The [threading](https://docs.python.org/3/library/threading.html) module - includes a high-level, object oriented, API for working with concurrency from Python. Thread objects run concurrently within the same process and share memory with other thread objects. Using threads is an easy way to scale for tasks that are more I/O bound than CPU bound. The python threading module is used to manage the execution of threads within a process. It allows a program to run multiple operations concurrently in the same process space.

----

In [1]:
import threading

def worker():
    """thread worker function"""
    print('Worker')


threads = []
for i in range(5):
    t = threading.Thread(target=worker)
    threads.append(t)
    t.start()

Worker
Worker
Worker
Worker
Worker


It is useful to be able to spawn a thread and pass it arguments to tell it what work to do.

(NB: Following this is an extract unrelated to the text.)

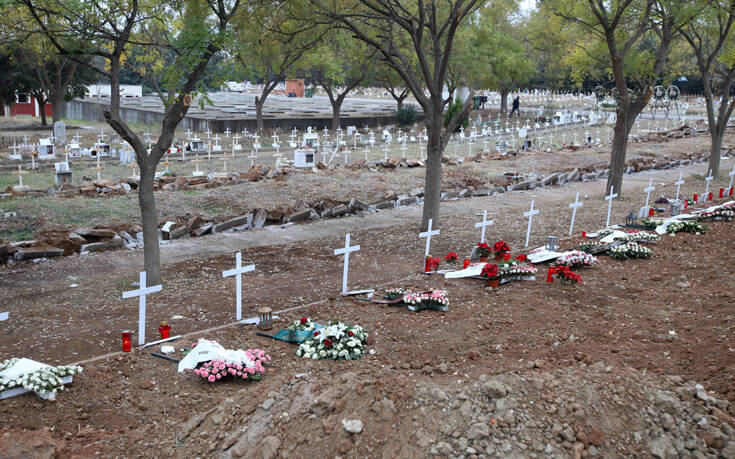 Ίδια εικόνα επικρατεί τόσο στην περιοχή της Θέρμης όσο και στον Εύοσμο. Δεκάδες νέοι τάφοι, ο ένας δίπλα στον άλλο, έχουν σκαφτεί, με στεφάνια, λίγα λουλούδια και προσωρινούς σταυρούς…

Any type of object can be passed as argument to the thread. This example passes a number, which the thread prints.

In [14]:
import threading
import time

def worker(number):
    """thread worker function"""
    time.sleep(number)
    print('Worker: %s' % number)
    
threads = []
for i in range(5):
    t = threading.Thread(target=worker, args=[i])
    threads.append(t)
    t.start()
    

Worker: 0
Worker: 1
Worker: 2
Worker: 3
Worker: 4


In order to identify the current thread one can use:

In [13]:
print(threading.current_thread().getName())
print(threading.current_thread().native_id)

MainThread
29843


In [4]:
import threading
import time

def worker(number):
    """thread worker function"""
    time.sleep(number)
    print('Worker name: {}'.format(threading.current_thread().getName()))
    print('Worker native id: {}'.format(threading.current_thread().native_id))
    print('Worker number: {}'.format(number))
    

threads = []
for i in range(5):
    t = threading.Thread(target=worker, args=[i],name="ben_{}".format(i))
    threads.append(t)
    t.start()
    

Worker name: ben_0
Worker native id: 613
Worker number: 0
Worker name: ben_1
Worker native id: 614
Worker number: 1
Worker name: ben_2
Worker native id: 615
Worker number: 2
Worker name: ben_3
Worker native id: 616
Worker number: 3
Worker name: ben_4
Worker native id: 617
Worker number: 4


----

## Deamons vs. Non-deamons threads

Up to this point, the examples above have implicitly waited for all threads to complete their work before exiting (these are called Non-deamon threads). Sometimes it is beneficial for programs to spawn a thread as a daemon which will run without blocking the main program from exiting.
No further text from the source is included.